§ What to work on
Could you print the stretch of lines below from the one with "与热爱为伍!预约520网易游" through the one with "李卫华(新浪华南渠道经理):在此之前,我", exactly as they stand and without any pictures?

§ Material for this task
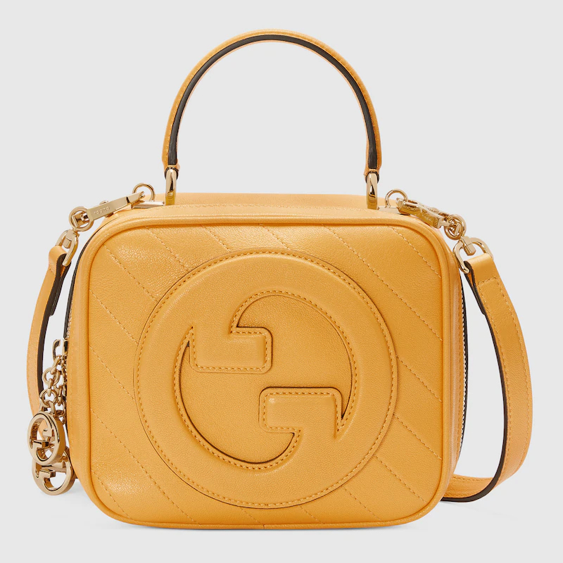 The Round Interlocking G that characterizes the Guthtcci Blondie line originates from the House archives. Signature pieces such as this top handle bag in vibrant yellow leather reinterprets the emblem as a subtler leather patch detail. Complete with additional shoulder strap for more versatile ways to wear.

* * *

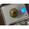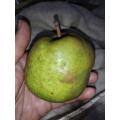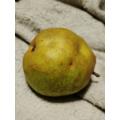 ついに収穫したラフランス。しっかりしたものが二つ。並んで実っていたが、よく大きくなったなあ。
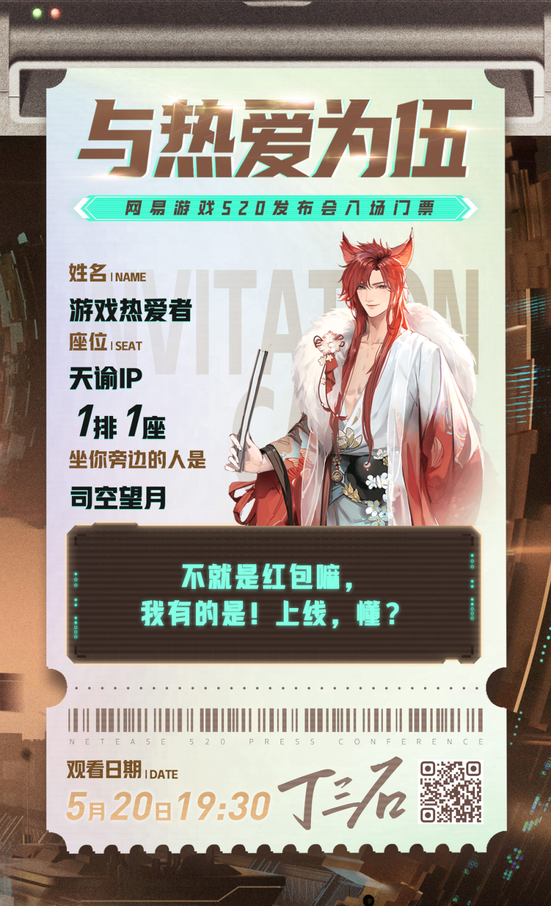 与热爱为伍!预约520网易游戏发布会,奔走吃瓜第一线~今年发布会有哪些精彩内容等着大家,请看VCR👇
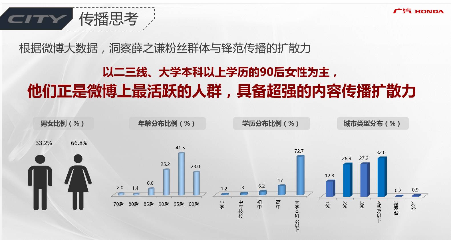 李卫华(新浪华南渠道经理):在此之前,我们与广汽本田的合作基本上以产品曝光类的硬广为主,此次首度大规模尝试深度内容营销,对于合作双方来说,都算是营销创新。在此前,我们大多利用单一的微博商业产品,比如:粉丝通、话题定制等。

§ Task result
 与热爱为伍!预约520网易游戏发布会,奔走吃瓜第一线~今年发布会有哪些精彩内容等着大家,请看VCR👇
 李卫华(新浪华南渠道经理):在此之前,我们与广汽本田的合作基本上以产品曝光类的硬广为主,此次首度大规模尝试深度内容营销,对于合作双方来说,都算是营销创新。在此前,我们大多利用单一的微博商业产品,比如:粉丝通、话题定制等。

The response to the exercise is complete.